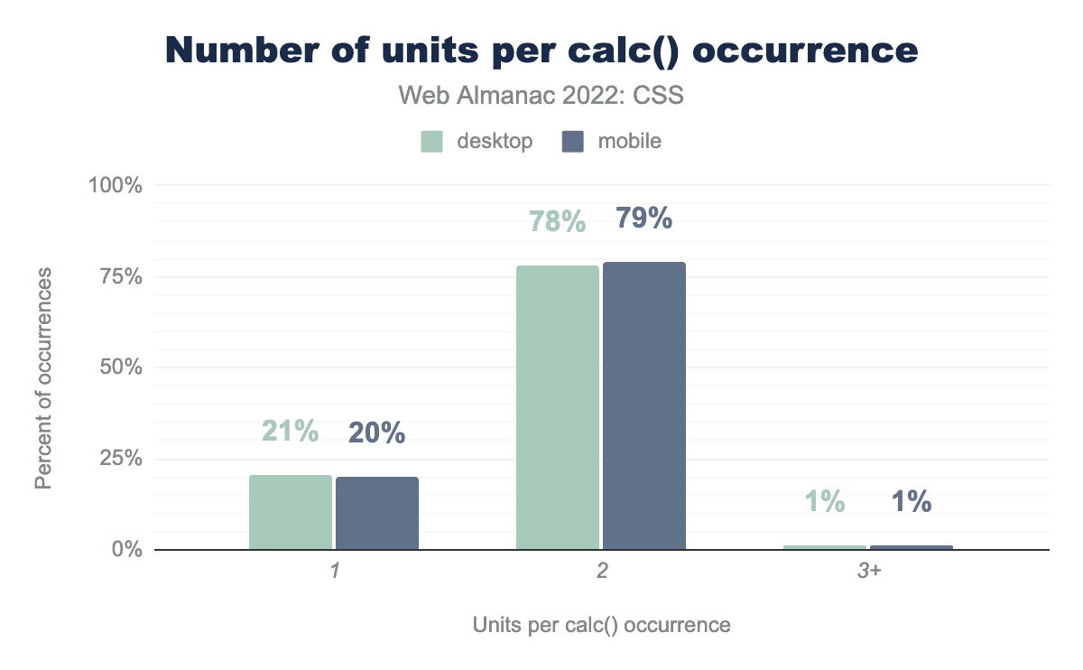 calc()1回あたりの単位数の分布を示す棒グラフ。79%のcalc()が2つのユニットを使用し、次いで20%が1つのユニットを使用しています。3つ以上のユニットを使用するものは1%のみです。calc() の値で使用されるユニークな単位の数。
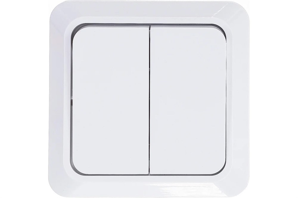 Выключатель UNIVersal Олимп О0023, двухклавишный, накладной, белый
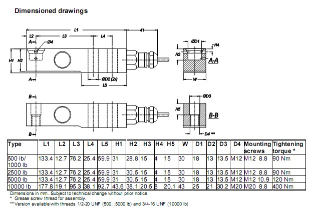 這款力傳感器還可用于測量靜態(tài)拉力及壓式力。彎梁式稱重傳感器通過線纜一側(cè)的兩個緊固孔安裝。而在線纜的另一側(cè),通過通孔或盲孔將力引入,垂直作用于測力傳感器的中軸線。
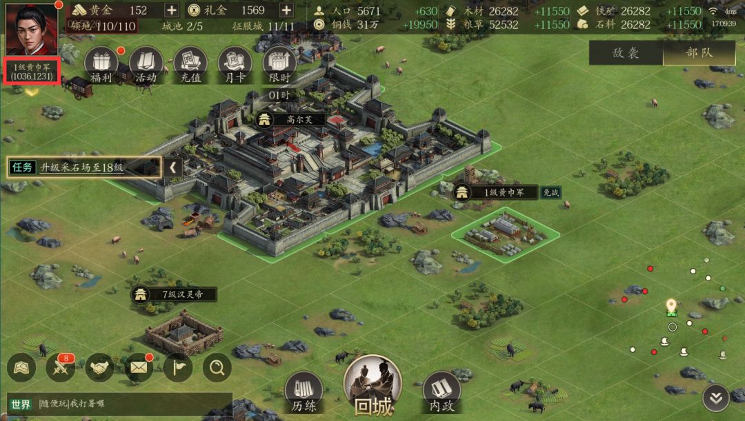 1、根据自身实力选择一座等级合适的城池进行攻打。
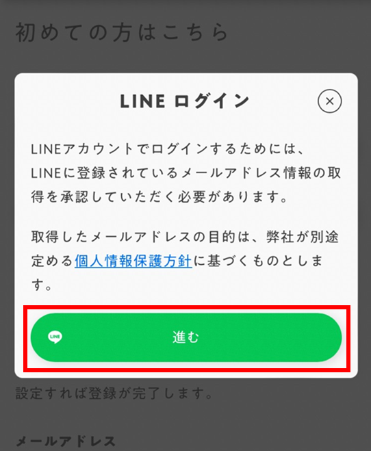 LINEアカウントを利用した会員登録が簡単なので、ここではLINEアカウントを使った会員登録方法をご紹介します。
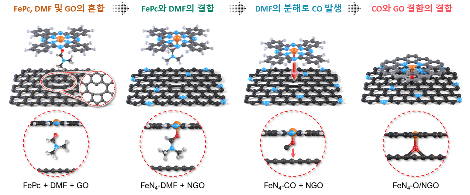 이세현 교수 연구팀은 이를 해결하기 위해 철 프탈로시아닌(FePc)과 그래픽 산화물(GO)을 활용하여 기존의 합성법보다 훨씬 간단하고 빠르게 철 기반 단원자 촉매를 합성하는 방법을 개발했다.
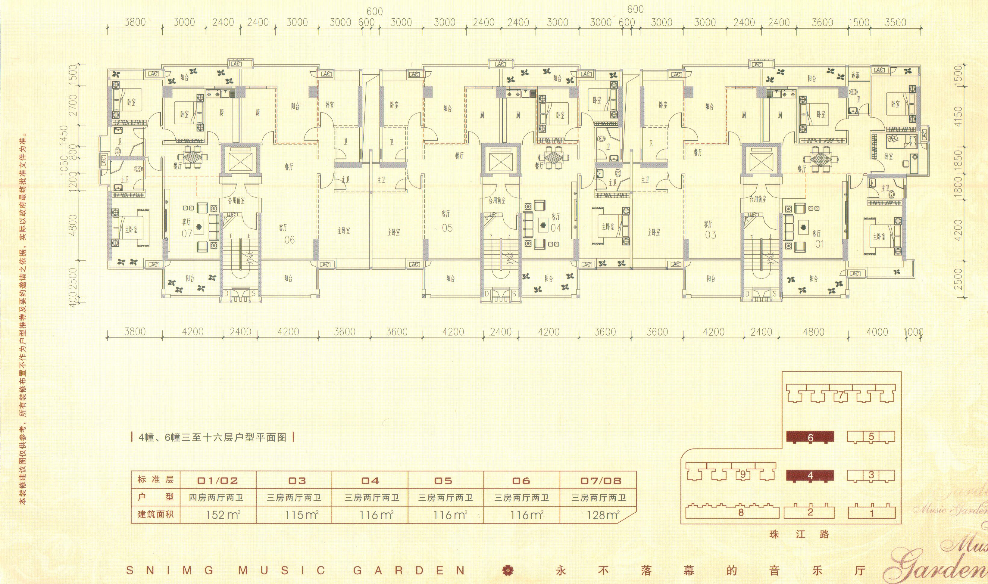 南信房产全力打造汕头首个音乐楼盘-----星海华庭,位于汕头市珠江路上新兴大型住宅生活圈内,共布置九幢14-18层点式和板式相结合的小高层住宅,借鉴传统潮汕民居的布局方式,形成层层递进、富有层次的建筑群,如同一首高低起伏、节奏感极强的交响曲。建筑以框架剪力墙结构为力学内容,以简约线条为美学形式,归序的纯板式小高层刚健有力,立面的设计线条流畅、简洁大气,带着动感又清晰的节奏感,展现出一种直达生命核心的旋律。设计也强调运用现代材料中竖向玻璃幕墙,阳台玻璃栏板、空调架线脚及栏杆等不同质感的材料,玻璃的晶莹、栏杆的通透与大片实墙面互为对照,构成丰富的虚实光影关系。各种装饰手法和美学构思始终围绕着音乐人生、快乐生活这一核心,体现了对生活的追求,给雍容华贵更增添上音乐的氛围。
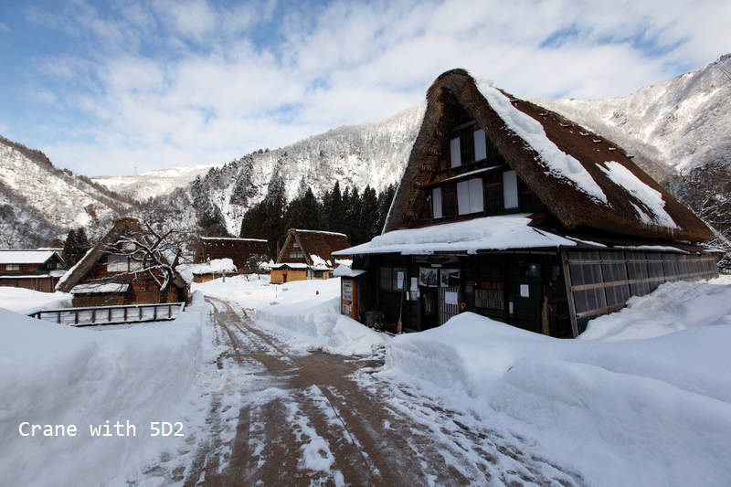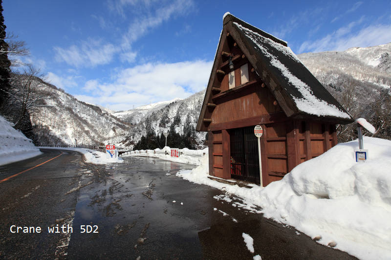 接著要逛逛菅沼,研究觀光案內所拿到的地圖顯示,若是勤快一點,菅沼與合掌之里一小時之內就可以走完。不過大概天冷加懶惰因子作祟,搭電梯去展望台晃一圈,捨棄了與合掌之里相通的隧道,剩餘的時間全在此,彷彿整座小鎮就是自家庭院,巡田水般自在地逛大街。
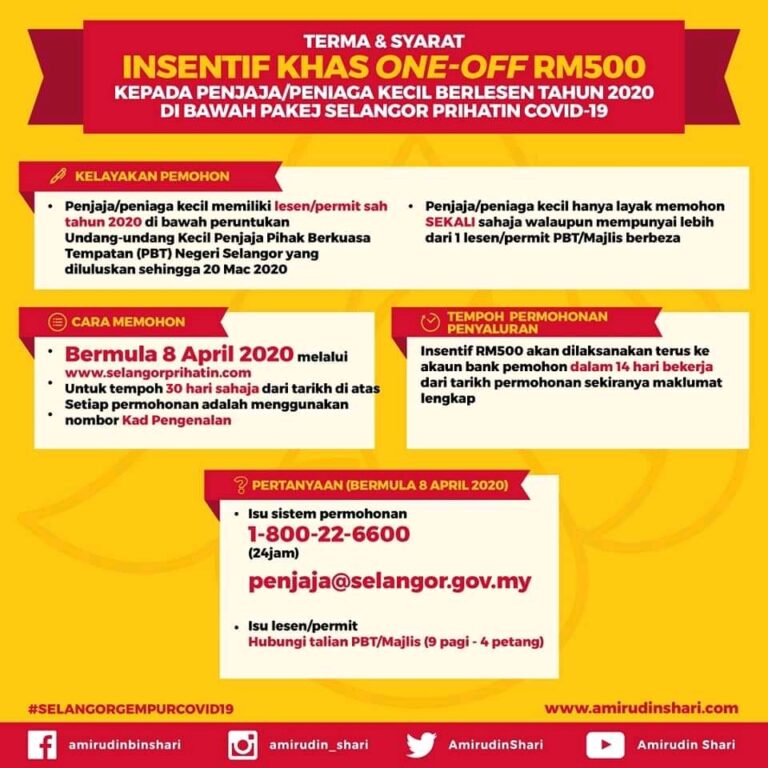 Insentif Khas One-off RM 500 kepada penjaja/peniaga kecil berlesen di bawah pakej Selangor Prihatin Covid-19. Permohonan bermula hari Rabu, 8hb April 2020 dan tarikh tutup permohonan adalah 30 hari selepasnya. Untuk pertanyaan dan semakan kelayakan sila hubungi MDSB. Perkhidmatan adalah […]
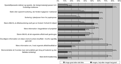 Har husstanden i forbindelse med forsøget... (n=40) Naturligt nok angiver en større del af de brugere, der sorterer deres affald, at have læst sorteringsvejledningen og det skriftlige informationsmateriale i forhold til de brugere, der ikke sorterer deres affald. Overraskende angiver en større del af de ikkesorterende brugere at have læst nyhedsbrevene vedrørende forsøget i forhold til de brugere, der sorterer deres affald. Den proaktive supplerende informationssøgning er generelt lav (under 10%). Ingen af de brugere, der ikke sorterer deres affald, angiver at have søgt yderligere information på Internettet, eller taget kontakt til kommunen eller renovationsfirmaet i forbindelse med forsøget. Godt ¾ af brugerne (76%) har vurderet, at informationen forud for forsøget var tilstrækkelig. 8% har angivet, at informationen i ringe grad eller slet ikke var tilstrækkelig. 88% har angivet, at de i høj eller meget høj grad fandt den skriftlige information i løbet af forsøget let forståelig. 8.3. MaterielDer er generelt stor tilfredshed med forholdene vedrørende det udleverede materiel og forløbet omkring udleveringen. Tilfredsheden med forskellige forhold vedrørende det udleverede materiel og forløbet omkring udleveringen (n=28) 16% af brugerne angiver dog at være utilfredse eller meget utilfredse med kvaliteten af pose og evt. elastik til brug i køkkenet. Endvidere angiver 12% at være utilfredse eller meget utilfredse med valgmulighederne i forhold til materiellet. 8.4. IndsamlingsforløbForsøget vurderes at have været medvirkende til, at sortering af bioaffald føles langt mindre besværligt ved forsøgets afslutning, end det gjorde ved forsøgets start.
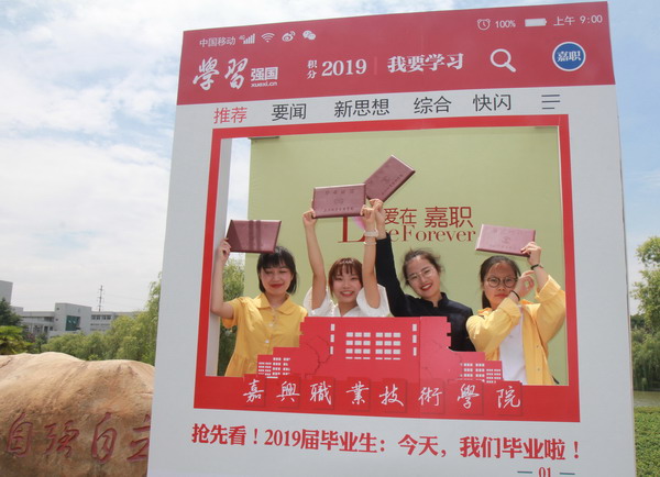 旅游管理專業(yè)162班的學(xué)子們,手拿畢業(yè)證書,興高采烈地在行政樓前校訓(xùn)石旁的學(xué)習(xí)強(qiáng)國APP模型板里合影留念,記錄自己在嘉職院的最后時(shí)光。(趙遠(yuǎn)遠(yuǎn))
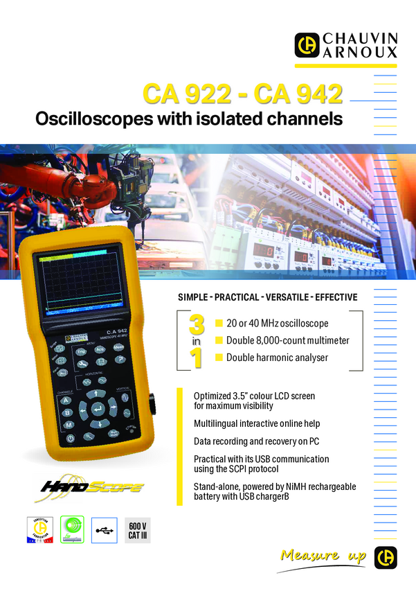P01192200 Oscyloskop ręczny Chauvin Arnoux C.A 922 20 MHz 2 GSa/s

- - - - -

## Work instruction
Please return only the lines from the top of the data through the line with "이세현 교수 연구팀은", exactly as written, and drop every picture.

## Response
 calc()1回あたりの単位数の分布を示す棒グラフ。79%のcalc()が2つのユニットを使用し、次いで20%が1つのユニットを使用しています。3つ以上のユニットを使用するものは1%のみです。calc() の値で使用されるユニークな単位の数。
 Выключатель UNIVersal Олимп О0023, двухклавишный, накладной, белый
 這款力傳感器還可用于測量靜態(tài)拉力及壓式力。彎梁式稱重傳感器通過線纜一側(cè)的兩個緊固孔安裝。而在線纜的另一側(cè),通過通孔或盲孔將力引入,垂直作用于測力傳感器的中軸線。
 1、根据自身实力选择一座等级合适的城池进行攻打。
 LINEアカウントを利用した会員登録が簡単なので、ここではLINEアカウントを使った会員登録方法をご紹介します。
 이세현 교수 연구팀은 이를 해결하기 위해 철 프탈로시아닌(FePc)과 그래픽 산화물(GO)을 활용하여 기존의 합성법보다 훨씬 간단하고 빠르게 철 기반 단원자 촉매를 합성하는 방법을 개발했다.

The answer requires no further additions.